§ Instructions for the task
Word for word, restate the listing; omit the pictures.
(Given information begins)
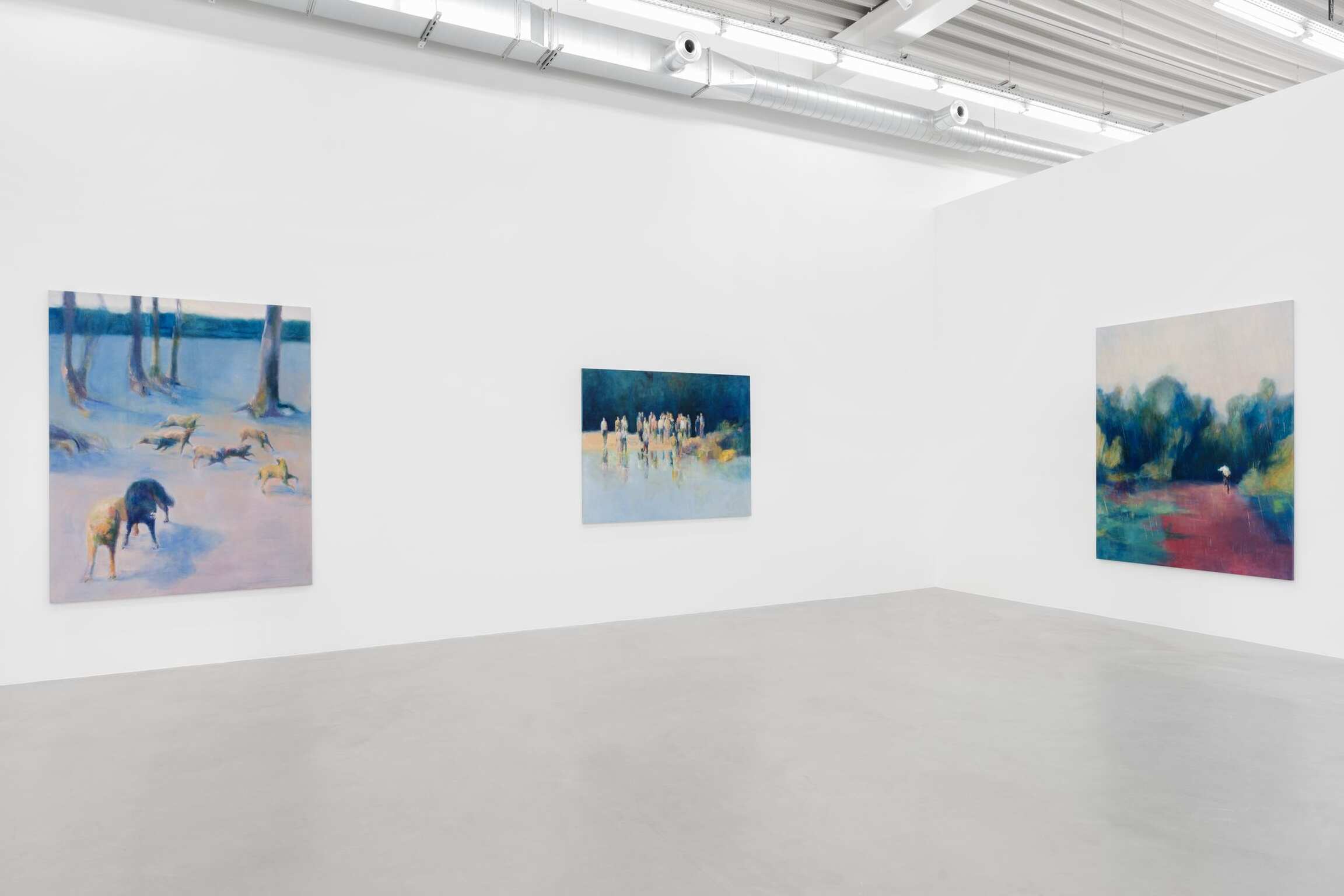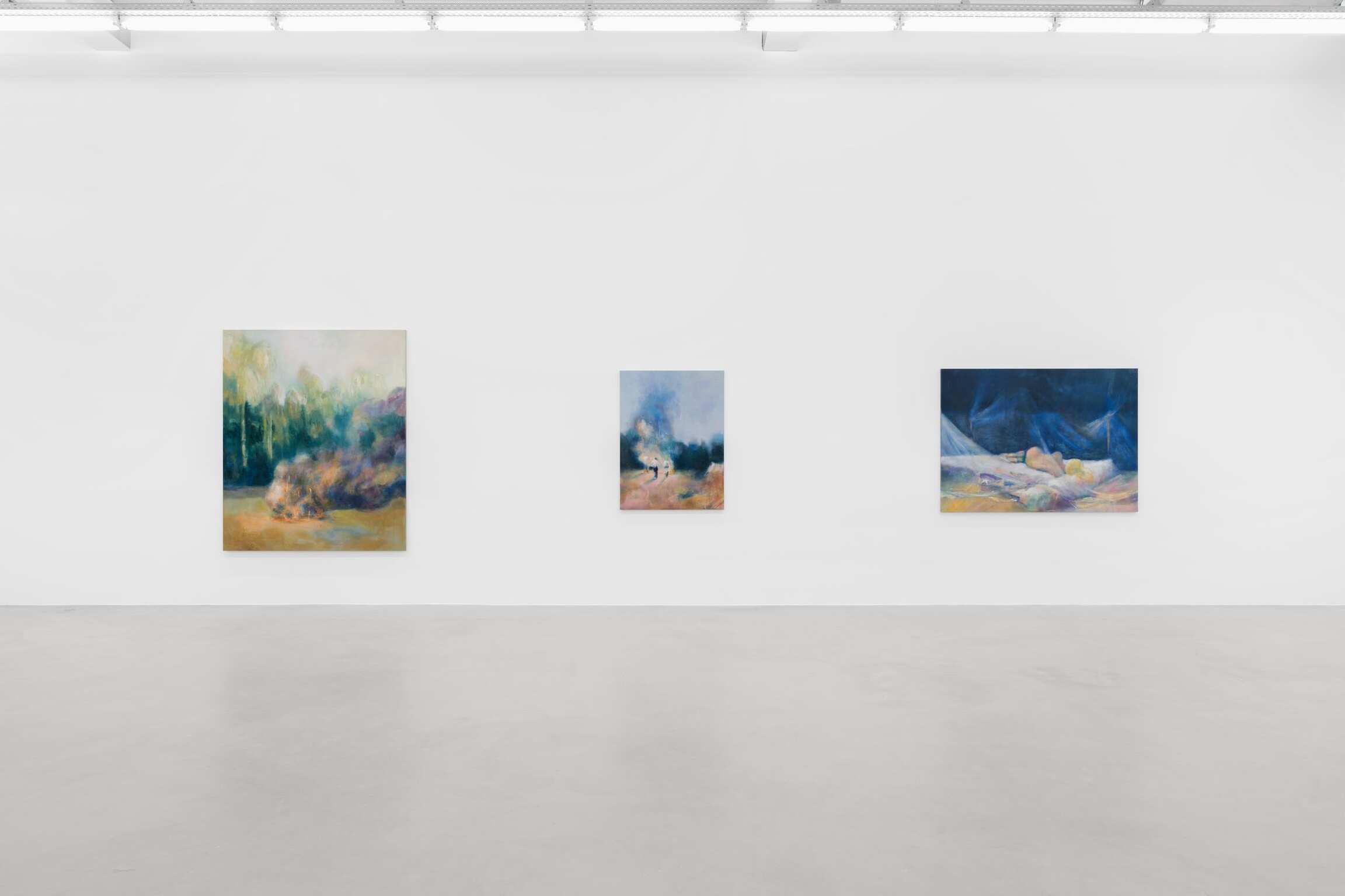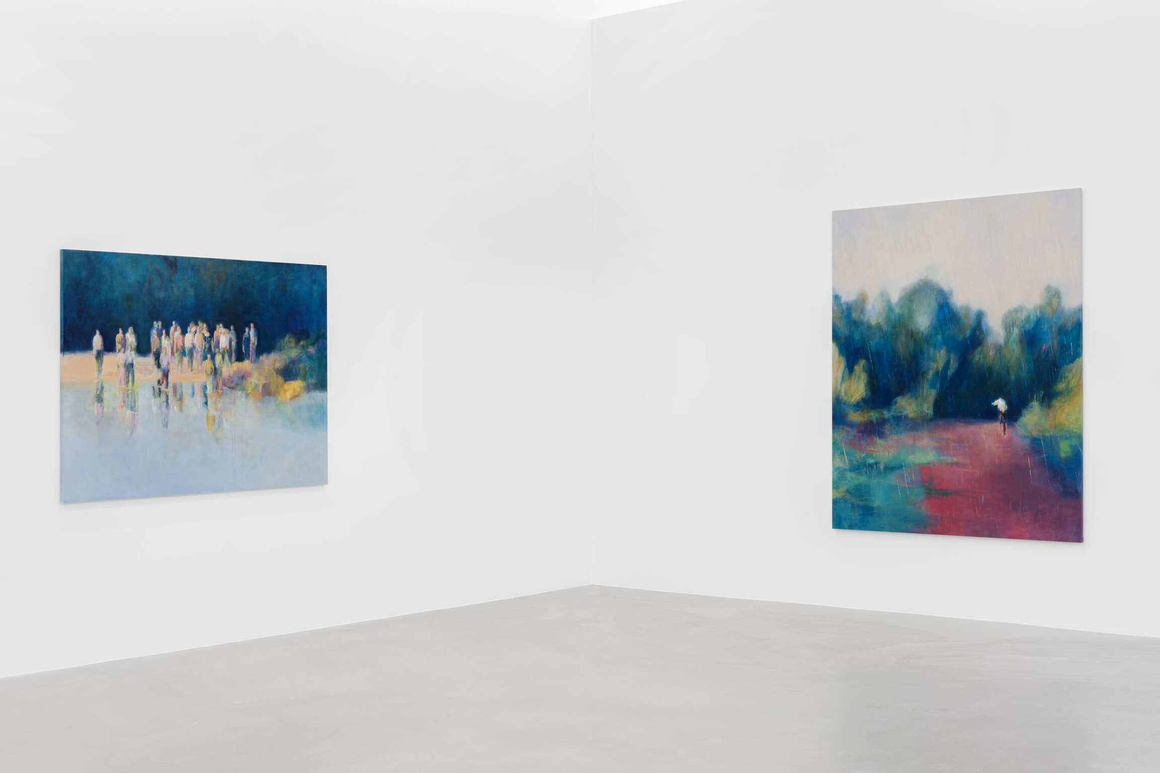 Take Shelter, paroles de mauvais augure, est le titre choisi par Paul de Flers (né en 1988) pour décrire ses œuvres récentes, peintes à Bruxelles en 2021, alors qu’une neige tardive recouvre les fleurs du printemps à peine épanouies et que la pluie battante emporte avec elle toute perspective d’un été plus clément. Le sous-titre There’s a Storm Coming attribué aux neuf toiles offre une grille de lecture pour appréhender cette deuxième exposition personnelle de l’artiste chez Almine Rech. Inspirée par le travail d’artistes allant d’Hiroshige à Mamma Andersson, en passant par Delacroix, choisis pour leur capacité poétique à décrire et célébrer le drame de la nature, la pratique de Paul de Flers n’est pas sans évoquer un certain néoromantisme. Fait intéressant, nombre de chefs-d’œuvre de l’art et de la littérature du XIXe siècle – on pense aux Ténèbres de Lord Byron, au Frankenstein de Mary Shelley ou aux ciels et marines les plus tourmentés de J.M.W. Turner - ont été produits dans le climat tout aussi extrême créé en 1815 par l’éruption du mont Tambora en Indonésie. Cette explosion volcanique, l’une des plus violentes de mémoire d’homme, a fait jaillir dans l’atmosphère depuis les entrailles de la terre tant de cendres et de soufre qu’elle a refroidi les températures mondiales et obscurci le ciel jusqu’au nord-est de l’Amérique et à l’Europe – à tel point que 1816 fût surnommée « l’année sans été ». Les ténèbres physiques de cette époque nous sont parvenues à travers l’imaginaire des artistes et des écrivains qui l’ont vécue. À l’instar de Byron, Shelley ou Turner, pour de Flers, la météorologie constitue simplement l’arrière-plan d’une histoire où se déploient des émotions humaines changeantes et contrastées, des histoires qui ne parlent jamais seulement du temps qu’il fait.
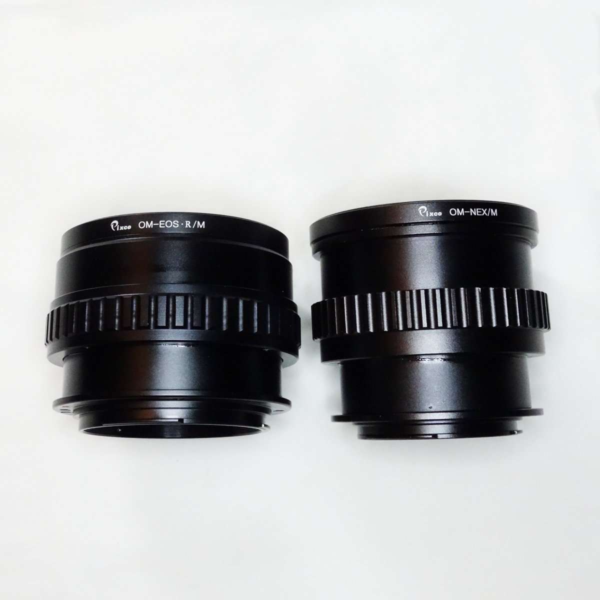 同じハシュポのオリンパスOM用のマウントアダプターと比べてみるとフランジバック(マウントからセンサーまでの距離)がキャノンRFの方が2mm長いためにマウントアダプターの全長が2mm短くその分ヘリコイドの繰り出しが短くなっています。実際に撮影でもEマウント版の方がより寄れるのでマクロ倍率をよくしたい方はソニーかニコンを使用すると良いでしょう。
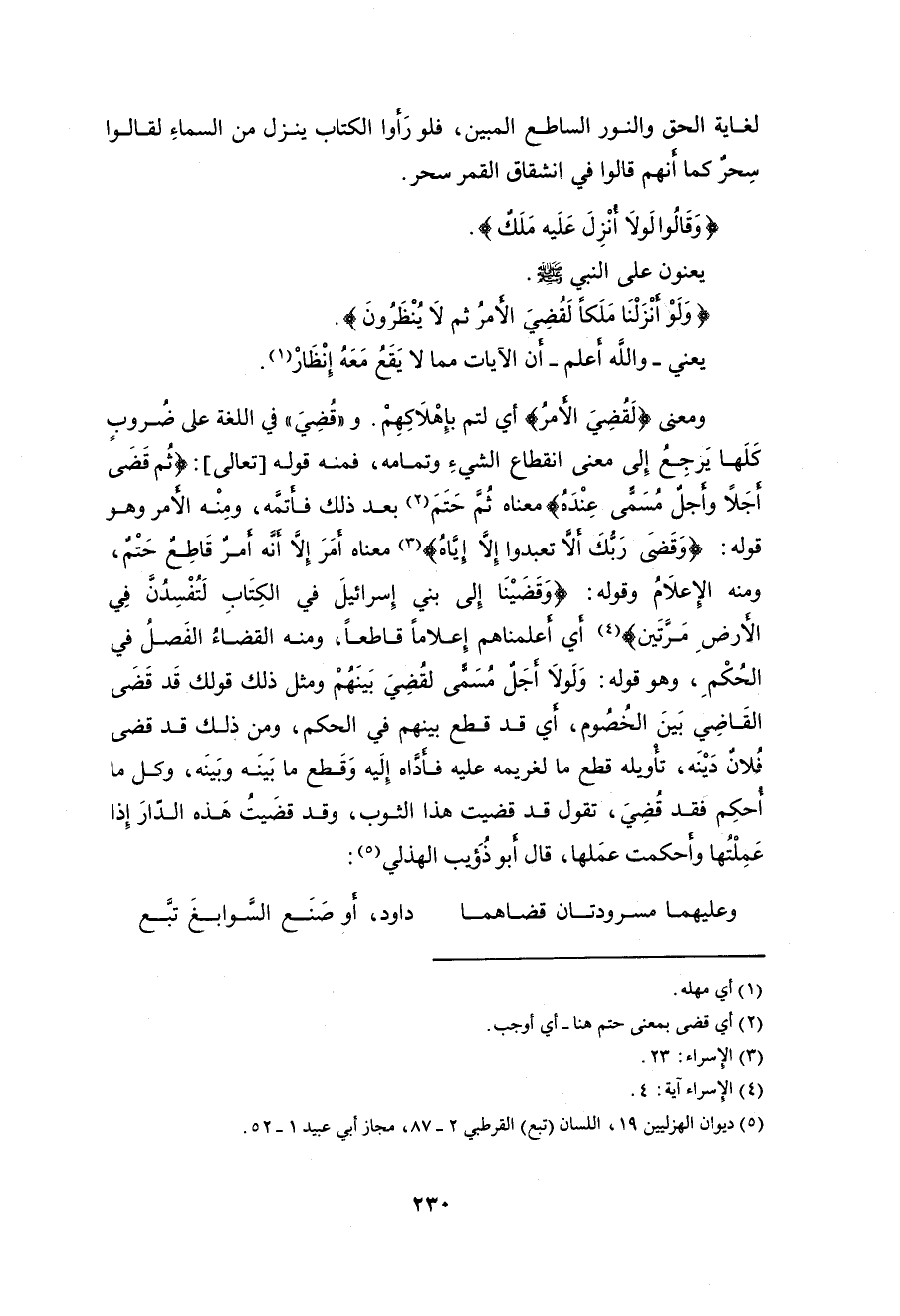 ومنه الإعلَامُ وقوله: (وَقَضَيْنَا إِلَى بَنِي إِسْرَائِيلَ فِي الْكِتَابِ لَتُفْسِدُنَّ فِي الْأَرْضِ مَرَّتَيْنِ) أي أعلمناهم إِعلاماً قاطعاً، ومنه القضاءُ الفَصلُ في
(Given information ends)
§ Response area
 Take Shelter, paroles de mauvais augure, est le titre choisi par Paul de Flers (né en 1988) pour décrire ses œuvres récentes, peintes à Bruxelles en 2021, alors qu’une neige tardive recouvre les fleurs du printemps à peine épanouies et que la pluie battante emporte avec elle toute perspective d’un été plus clément. Le sous-titre There’s a Storm Coming attribué aux neuf toiles offre une grille de lecture pour appréhender cette deuxième exposition personnelle de l’artiste chez Almine Rech. Inspirée par le travail d’artistes allant d’Hiroshige à Mamma Andersson, en passant par Delacroix, choisis pour leur capacité poétique à décrire et célébrer le drame de la nature, la pratique de Paul de Flers n’est pas sans évoquer un certain néoromantisme. Fait intéressant, nombre de chefs-d’œuvre de l’art et de la littérature du XIXe siècle – on pense aux Ténèbres de Lord Byron, au Frankenstein de Mary Shelley ou aux ciels et marines les plus tourmentés de J.M.W. Turner - ont été produits dans le climat tout aussi extrême créé en 1815 par l’éruption du mont Tambora en Indonésie. Cette explosion volcanique, l’une des plus violentes de mémoire d’homme, a fait jaillir dans l’atmosphère depuis les entrailles de la terre tant de cendres et de soufre qu’elle a refroidi les températures mondiales et obscurci le ciel jusqu’au nord-est de l’Amérique et à l’Europe – à tel point que 1816 fût surnommée « l’année sans été ». Les ténèbres physiques de cette époque nous sont parvenues à travers l’imaginaire des artistes et des écrivains qui l’ont vécue. À l’instar de Byron, Shelley ou Turner, pour de Flers, la météorologie constitue simplement l’arrière-plan d’une histoire où se déploient des émotions humaines changeantes et contrastées, des histoires qui ne parlent jamais seulement du temps qu’il fait.
 同じハシュポのオリンパスOM用のマウントアダプターと比べてみるとフランジバック(マウントからセンサーまでの距離)がキャノンRFの方が2mm長いためにマウントアダプターの全長が2mm短くその分ヘリコイドの繰り出しが短くなっています。実際に撮影でもEマウント版の方がより寄れるのでマクロ倍率をよくしたい方はソニーかニコンを使用すると良いでしょう。
 ومنه الإعلَامُ وقوله: (وَقَضَيْنَا إِلَى بَنِي إِسْرَائِيلَ فِي الْكِتَابِ لَتُفْسِدُنَّ فِي الْأَرْضِ مَرَّتَيْنِ) أي أعلمناهم إِعلاماً قاطعاً، ومنه القضاءُ الفَصلُ في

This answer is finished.